Женщины (прежде всего – выдающиеся личности, но не только они) вернулись в общие курсы истории. Доказано, что полученное ранее «единое и полное» знание о прошлом таковым не является, потому что в нем почти отсутствуют женщины и сексуальные меньшинства, – а они имели во все эпохи свое мировидение и свою систему ценностей, порой не совпадавшую с доминирующей. Обоснован вывод о равнозначности для общества двух соединяющихся сфер или доменов существования – господства Мужчины (политика, дипломатия, военное дело) и господства Женщины (дом, семья, домохозяйство), который заставил изучать оба домена на равных. Историки женщин доказали, что сферы эти были не «сепаратными», но соединенными, равно значимыми для развития общества как целостного организма. Родились новые темы, которые ранее никто не счел бы достойными специального исследования: «история материнства», «история прислужничества и найма кормилиц», «история домашней работы и гувернерства», история практик, продуцировавших мужественность (политическое гражданство как клуб собратьев, история военной службы и спорта). Введено новое измерение социально-экономической истории, ориентированное на такие темы, как «феминизация бедности», «женское лицо» безработицы, политэкономия домашней работы, – категория пола признана одним из структурообразующих экономических принципов.

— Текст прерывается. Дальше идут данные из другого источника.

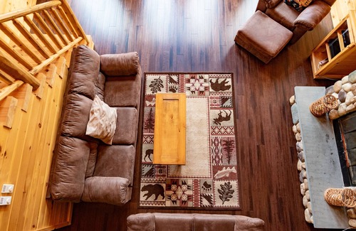 The main living area features a large floor to ceiling Stone wood burning fireplace, with couches to enjoy the view and the fire. It also attaches to the dining area which seats 8. The view is simply amazing with floor to ceiling windows in the great room!

Немалое значение имеет и развенчание мифов, мужского мифотворчества в социальной истории, и тем самым поставлены под сомнение оценки некоторых процессов и даже эпох[1]. Гендерологами убедительно показано, как акторы истории могут превращаться из «творцов» истории в ее «жертв». Сторонники гендерного направления заставили исследовать множественные формы сексуальности в различных культурах, однозначно отрицательно ответив на вопрос: является ли преобладающая – гетеросексуальная – форма единственной? Они поставили на научное обсуждение вопрос о том, как, с каких пор гетеросексуальность была превращена в норму, исключающую, отвергающую, клеймящую позором все другие…
Не менее существенно то, что женской и гендерной истории удалось реабилитировать феминизм как политику, в основе которой лежит принцип свободы выбора женщиной пути самореализации. Это заставило признать феминистскую идею личностного становления женщины как основы ее эмансипации и освобождения общества от стереотипов.
Получена возможность обнаружить непривычное в привычном(мужскую дискриминацию и подчинение в патриархатном обществе) и понять конструирование иерархий как взаимодействие, а не однонаправленный процесс… Выявлено множество точек соприкосновения гендерной истории с «устной историей», что помогает озвучить всех «исчезнувших, молчащих и противящихся». «Устная история» стала пограничным полем между историей, психологией и социологией, позволив дисциплинам использовать методы, подходы и преимущества друг друга. «Другая история» или, точнее, «другие истории» предполагали реконструкцию прошлого «другими глазами» – глазами ребенка, старика, гомосексуалиста и, конечно же, женщины.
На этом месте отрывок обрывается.